Assessment Of The Clinical Diagnostic Value Of Hevylite™ Analysis Compared With Routine Serum Protein Electrophoresis Screening and/Or Monitoring

Hevylite™ is a recently developed method for the quantification of heavy chain immunoglobulins and the corresponding light chain (IgG k, IgGλ , IgAk, IgAλ , IgMk,and IgMλ ), specifically quantifying heavy chain and light chain ratios. The current study looks to assess the value of Hevylite™ analysis as it applies to the routine screening and monitoring of suspected or known cases of Plasma Cell Neoplasms at Rush University Medical Center.

We performed the current testing algorithm used at Rush University Medical Center for suspected or known Plasma Cell Myeloma patients for 206 patient specimens. This algorithm includes a Serum Protein Electrophoresis (SPE) and Free Light Chain (FLC) analysis. The method used for SPE analysis is capillary electrophoresis (Sebia™). The FLCs are quantified by immunoassay (The Binding Site™). In the event of identifying abnormal results further reflex testing is added to identify the specific paraprotein present (Immunotyping Electrophoresis and/or Immunofixation Electrophoresis). We performed Hevylite™ assays on all patient specimens in an attempt to assess any additional clinical value.

The 206 patient results were categorized into two subsets – 1) No Monoclonal Protein Present (NMPP); and 2) Monoclonal Protein Present (MPP). In the 111 patients included in the NMPP subset, there exists a large discordance between our testing algorithm and the quantitation of the Hevylite™ method. Discordance was assessed when our algorithm identifying no abnormal paraprotein and the Hevylite™ method showed an elevation for one of the immunoglobulins. There were 51 concordant patient results in the 111 total NMPP subset (46%).

In the 95 patient included in the MPP subset, there were 30 patients (31.6%) that the Hevylite™ results did not match the paraprotein(s) identified with our current algorithm.  The mismatched patients were further  categorized into the individual immunoglobulins identified: IgMk- total of 13 patients with 11 concordant results (92.3%), IgMλ- total of 4 patients with 4 concordant results (100%), IgAk- total of 13 patients with 13 concordant results (100%), IgAλ- total of 6 patients with 5 concordant results (83.3%), IgGk- total of 33 patients with 19 concordant results (57.6%), IgGλ- total of 26 patients with 13 concordant results (50%).
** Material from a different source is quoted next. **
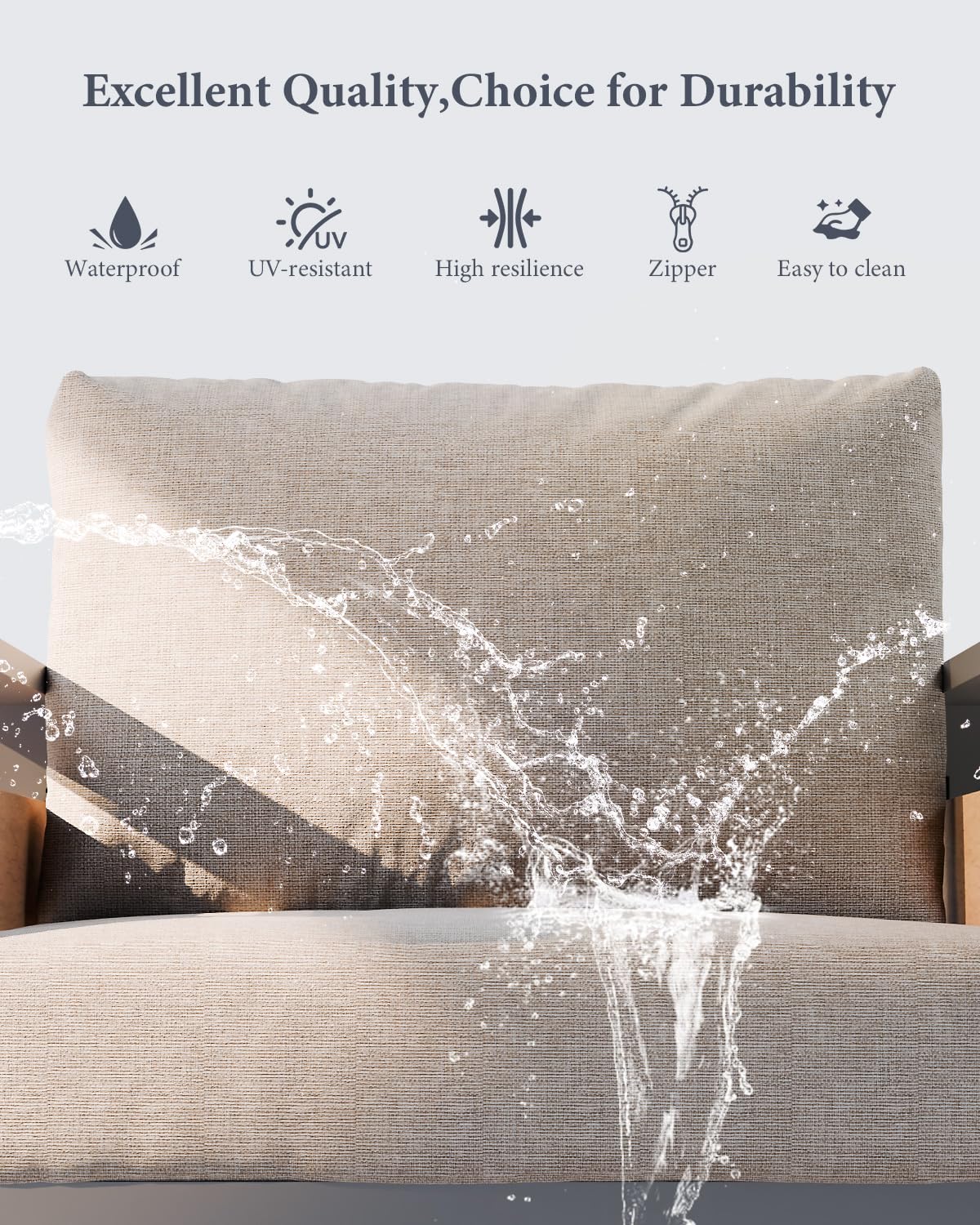 - ⛱️【5.5" Removable & Machine-washable Seat Cushion】 This outdoor furniture's cushion covers are removable and machine-washable, making cleaning effortless and keeping your set looking like new. Seat cushion of the set comes with high-density sponge, better for upper-body support, cushions are designed to be stable, keeping them from sliding around.

When compared to the current testing algorithm for patients with suspected or known Plasma Cell Neoplasms at Rush University Medical Center, the Hevylite™ assay showed wide discordance in the patient population our current testing algorithm identified as NMPP. However, we recognize the need for further investigation into the nature of this discordance. Our data shows that the Hevylite™ analysis in the subset of the MPPs showed a greater concordance with our testing algorithm results for IgM and IgA immunoglobulins, whereas IgG immunoglobulin results showed much lower concordance (approximately 50%). Based on our findings Hevylite™ may not be well suited as a generalized screening test.

No relevant conflicts of interest to declare.